E’ sempre difficile definire se il tempo successivo alla mezzanotte appartenga al giorno successivo o a quello erroneamente in corso: never mind, alle 6 del mattino eravamo a casa. 1-0 per la città.
La doccia fredda è la migliore non-invenzione che l’uomo avesse potuto non-fare: dopo esserci svegliati tonti e stanchi e appiccicosi e sfatti, io, Gagoù e Giulia ci siamo buttati prima sotto una doccia gelida e poi su un terrazzo afoso a parlare del terremoto che aveva improvvisamente fatto muovere il palazzo, e poi a farci ammiccanti avances perchè sapevamo che prima o poi saremmo tutt* e tre finit* a letto insieme. E sapevamo anche che forse non sarebbe mai capitato.
Mangiare mentre Giulia parla è bellissimo e faticoso: quello che mi ricordo però è che le paste semplici (aglio, olio e peperoncino, e pomodoro e basilico) sono le sue preferite.
Mangiare mentre Gagoù ascolta Giulia parlare è decisamente meno faticoso, ma forse anche meno bello.
Un baklava, anzi due, a testa. In quel momento realizzo che stavo provando stupore per il mio sistema digerente: non un capriccio dopo il primo piatto di carne da un mese a questa parte e 6 bicchieri equamente divisi tra birra e gin tonic. “Il conto arriverà, speriamo non domani mattina.”, pensavo mentre ingurgitavo quella poltiglia di sciroppo colante nel mio adorato primo caffè greco di giornata.
L’acropoli è molto bella. Sfruttare la solita fotografia della carta d’identità di Emile per non pagare all’ingresso pure. Anche se sicuramente non eticamente comparabile.
“Tonight there is a rave with some techno and electronic music! Will you join us?”, cazzo è adesso?
Stavamo camminando a ritmo lento verso la stazione del pullman che ci avrebbe riportato in serata a Koutsopodi, quando Gagoù, rompendo il passo, aveva urlato: “Uuuuh! Yogourt!”, letteralmente.

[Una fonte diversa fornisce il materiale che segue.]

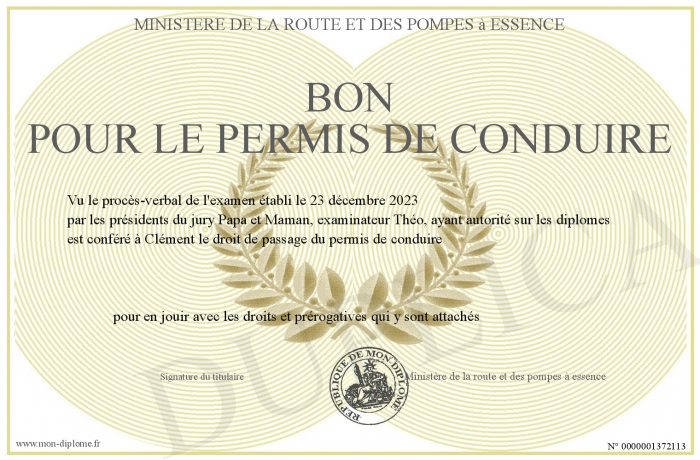 Envoyez par email votre Bon pour le permis de conduire personalisé
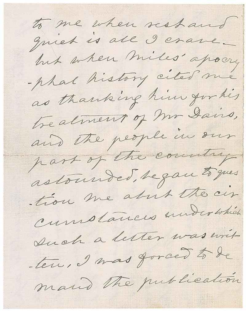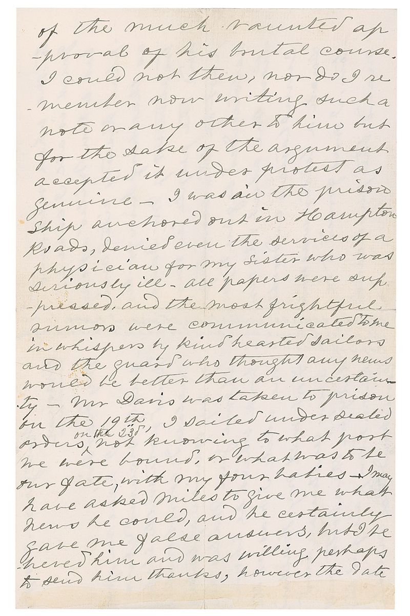 While in command at Fort Monroe, Nelson Miles became the target of public outrage, accused of inflicting cruel and excessive punishment on his prisoner, defeated Confederate President Jefferson Davis. Hoping to clear his name and run for national office, he reopened the issue in 1898 by publicly claiming that Varina Davis had thanked him for treating her husband well at the Fort. In 1905, after years of bitter public exchanges, she challenged the ‘coarse and untruthful man whose ambitions have urged him to risk exposure which he did not anticipate’ to document his statement; he replied by publishing the first two sentences of a note from her dated May 23, 1865. Here she addresses the letter, stating, “he certainly gave me false answers, but I believed him and was willing perhaps to send him thanks, however the date of the note shows that…I could have known nothing of his conduct or of my husband’s condition.” This lengthy letter, written by the weary hand of the elderly widow, holds the conviction and passion that helped the Confederate First Lady maintain her dignity and rebuild a life after the war: an extraordinary piece addressing her husband’s imprisonment and his harsh captor.

La musica del chiosco in pieno centro ed il chiosco in pieno centro di per sè, sarebbero stati più che sufficienti per farmi ignorare quel artificio commerciale per turisti, ma non avevo fatto i conti con il grido di Gagoù.
Dopo aver ordinato la prima coppetta, i due ragazzi al banco, sicuramente, anche loro gay, o queer, o simpatici e basta erano diventati nostri amici e ci avevano invitat* l’uno al techno-electronic rave e l’altro ad una serata queer con musica pop 2000 tipo Beyoncè Lady Gaga Madonna e altre figlie del loro tempo, alla quale sicuramente non saremmo andat*.
La sera eravamo un solo aggettivo: stanchi. Io e Gagoù stavamo mangiando una fetta di riso (riso vecchio avanzato diventato un pezzo unico) e ci stavamo lamentando di quanto avessimo buttato via gli ultimi due giorni tra alcool, poche pochissime ore di sonno, poca pochissima acqua e troppo chilometri trascorsi a piedi, mentre bella come il sole Giulia si dimenava nel prendersi cura di noi. E’ sempre più bello lamentarsi insieme.
Domenica 23 aprile: mezza maratona.
Ecco il motivo che ci aveva spinto a rinunciare al techno-electronic rave e ad iniziare la sequela di lamentale serali.
6:50 sveglia. Colazione improvvisata: “forse mezza banana e due noci. Dai anche due gallette. Caffè? Sicuro. Un uovo sodo: ho bisogno di proteine. Cazzo, ho mangiato troppo”, e poi vedo Conni con il suo oat meal e la sua mela: “Eat how much you feel. There aren’t rules.” Namastè Conni.
Le due ore prima della mezza maratona sembrano una gita scolastica: ci si prepara, si monta sul pullmino, si ascolta della musica, si ride, si scherza, ci si ama surfando sull’onda dell’adrenalina.
I secondi prima della mezza maratona fa freddo e si realizza che si trascorrerano le successive 2/3 ore a correre. “Me le ricordavo più divertenti le gite scolastiche”, l’Io scrivente.